*Activity*
Provide again, from the entries below, every line from the one containing "LEOPARD TEE WITH SEQUIN TURKEY APPLIQUE" through the one containing "(2)系统用户:管理员点击可", exactly as written, and no other line.

*Extracted entries*
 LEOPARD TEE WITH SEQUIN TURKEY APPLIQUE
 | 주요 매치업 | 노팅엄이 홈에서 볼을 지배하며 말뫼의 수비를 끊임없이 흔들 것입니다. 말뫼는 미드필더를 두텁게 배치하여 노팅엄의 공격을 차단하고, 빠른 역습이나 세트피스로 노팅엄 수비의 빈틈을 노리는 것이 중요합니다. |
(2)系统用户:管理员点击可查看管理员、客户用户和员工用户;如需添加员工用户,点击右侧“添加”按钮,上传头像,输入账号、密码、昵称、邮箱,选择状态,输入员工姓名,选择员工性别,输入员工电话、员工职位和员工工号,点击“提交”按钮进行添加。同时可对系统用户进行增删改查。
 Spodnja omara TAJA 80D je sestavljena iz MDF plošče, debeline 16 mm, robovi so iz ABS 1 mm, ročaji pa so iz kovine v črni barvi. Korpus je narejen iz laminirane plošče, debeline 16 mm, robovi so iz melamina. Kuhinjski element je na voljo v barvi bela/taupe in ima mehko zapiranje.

--

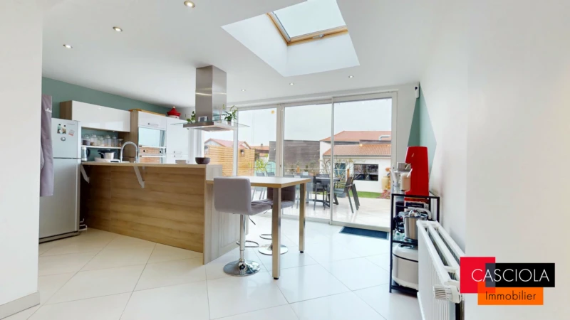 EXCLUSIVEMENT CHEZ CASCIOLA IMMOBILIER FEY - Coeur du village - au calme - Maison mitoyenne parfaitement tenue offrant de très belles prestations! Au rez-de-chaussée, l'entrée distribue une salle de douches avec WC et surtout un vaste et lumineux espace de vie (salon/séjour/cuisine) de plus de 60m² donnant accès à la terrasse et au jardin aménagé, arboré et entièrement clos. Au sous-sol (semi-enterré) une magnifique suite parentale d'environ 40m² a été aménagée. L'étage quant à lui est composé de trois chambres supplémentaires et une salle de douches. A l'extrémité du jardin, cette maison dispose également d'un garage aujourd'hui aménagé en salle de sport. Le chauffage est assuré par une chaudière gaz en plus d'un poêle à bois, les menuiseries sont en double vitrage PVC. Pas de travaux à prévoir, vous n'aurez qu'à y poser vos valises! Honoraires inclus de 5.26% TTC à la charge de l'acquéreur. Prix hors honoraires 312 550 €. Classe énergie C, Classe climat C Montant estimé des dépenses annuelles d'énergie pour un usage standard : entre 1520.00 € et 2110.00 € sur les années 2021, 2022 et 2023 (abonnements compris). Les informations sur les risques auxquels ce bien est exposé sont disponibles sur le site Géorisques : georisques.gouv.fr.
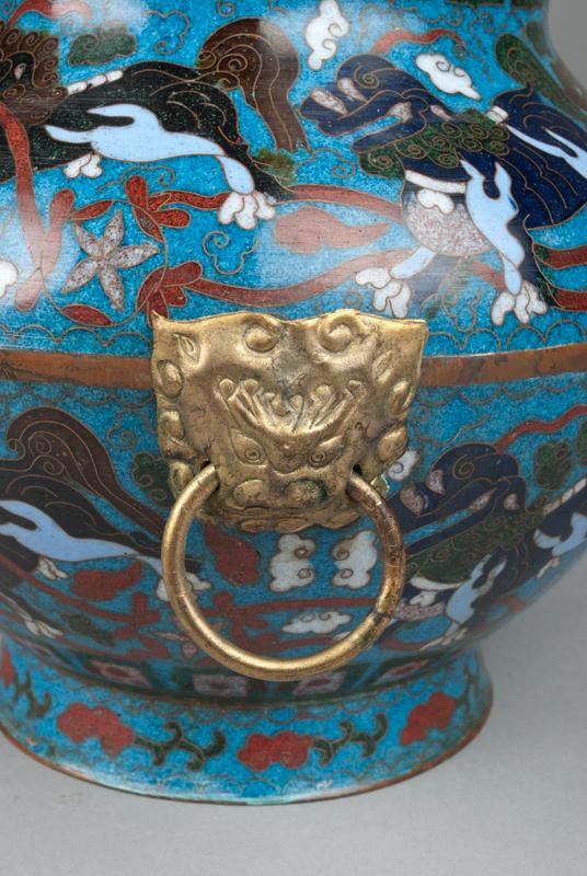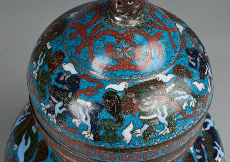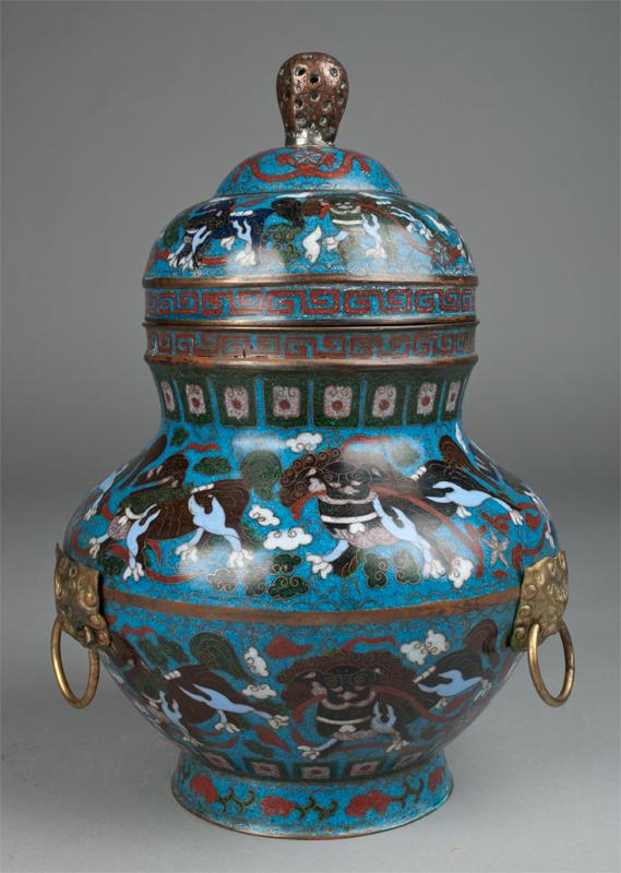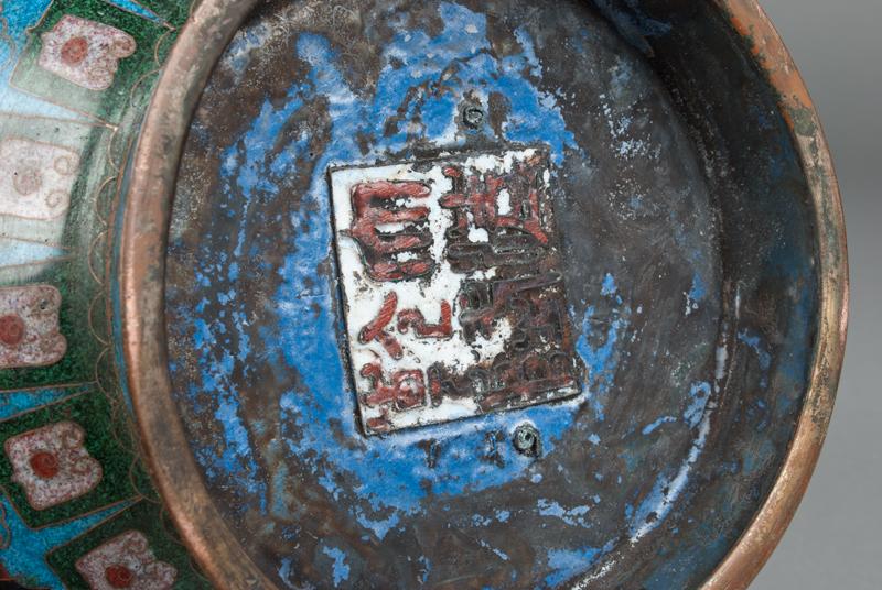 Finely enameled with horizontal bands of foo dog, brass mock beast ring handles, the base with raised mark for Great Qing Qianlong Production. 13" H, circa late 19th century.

*Solution for this problem*
 LEOPARD TEE WITH SEQUIN TURKEY APPLIQUE
 | 주요 매치업 | 노팅엄이 홈에서 볼을 지배하며 말뫼의 수비를 끊임없이 흔들 것입니다. 말뫼는 미드필더를 두텁게 배치하여 노팅엄의 공격을 차단하고, 빠른 역습이나 세트피스로 노팅엄 수비의 빈틈을 노리는 것이 중요합니다. |
(2)系统用户:管理员点击可查看管理员、客户用户和员工用户;如需添加员工用户,点击右侧“添加”按钮,上传头像,输入账号、密码、昵称、邮箱,选择状态,输入员工姓名,选择员工性别,输入员工电话、员工职位和员工工号,点击“提交”按钮进行添加。同时可对系统用户进行增删改查。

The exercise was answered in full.